■ RECORDS SHOWN ■
++++++++++++++++++++
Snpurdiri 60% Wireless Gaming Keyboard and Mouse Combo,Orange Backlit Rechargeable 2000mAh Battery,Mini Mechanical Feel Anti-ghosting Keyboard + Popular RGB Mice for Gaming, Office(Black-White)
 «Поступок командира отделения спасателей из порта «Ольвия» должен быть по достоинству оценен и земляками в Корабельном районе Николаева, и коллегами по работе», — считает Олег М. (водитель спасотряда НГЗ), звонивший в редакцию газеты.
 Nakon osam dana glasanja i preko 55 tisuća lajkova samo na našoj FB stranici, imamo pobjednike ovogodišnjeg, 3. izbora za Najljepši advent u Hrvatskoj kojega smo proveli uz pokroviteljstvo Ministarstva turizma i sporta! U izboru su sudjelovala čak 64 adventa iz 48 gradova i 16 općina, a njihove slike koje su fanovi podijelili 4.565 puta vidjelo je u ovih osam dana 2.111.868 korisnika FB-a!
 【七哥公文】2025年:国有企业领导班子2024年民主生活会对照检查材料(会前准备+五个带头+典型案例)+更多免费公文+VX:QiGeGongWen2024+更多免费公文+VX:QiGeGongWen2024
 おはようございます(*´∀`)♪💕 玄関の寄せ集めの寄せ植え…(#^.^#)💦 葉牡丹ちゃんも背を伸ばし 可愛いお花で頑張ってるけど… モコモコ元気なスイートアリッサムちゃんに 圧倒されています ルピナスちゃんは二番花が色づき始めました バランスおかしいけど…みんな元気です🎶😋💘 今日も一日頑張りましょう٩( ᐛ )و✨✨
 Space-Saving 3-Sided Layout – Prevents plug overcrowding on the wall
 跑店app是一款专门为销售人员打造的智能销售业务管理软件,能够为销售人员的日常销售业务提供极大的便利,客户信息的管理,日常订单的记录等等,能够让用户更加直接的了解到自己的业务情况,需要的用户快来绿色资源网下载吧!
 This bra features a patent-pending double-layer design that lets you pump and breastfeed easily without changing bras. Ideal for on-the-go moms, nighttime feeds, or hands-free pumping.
++++++++++++++++++++
■ WHAT YOU SHOULD DO ■
Please let your answer be exactly the lines from the one holding "Space-Saving 3-Sided Layout" through the last line of the entries above, both ends included.

■ SOLVED PROBLEM ■
 Space-Saving 3-Sided Layout – Prevents plug overcrowding on the wall
 跑店app是一款专门为销售人员打造的智能销售业务管理软件,能够为销售人员的日常销售业务提供极大的便利,客户信息的管理,日常订单的记录等等,能够让用户更加直接的了解到自己的业务情况,需要的用户快来绿色资源网下载吧!
 This bra features a patent-pending double-layer design that lets you pump and breastfeed easily without changing bras. Ideal for on-the-go moms, nighttime feeds, or hands-free pumping.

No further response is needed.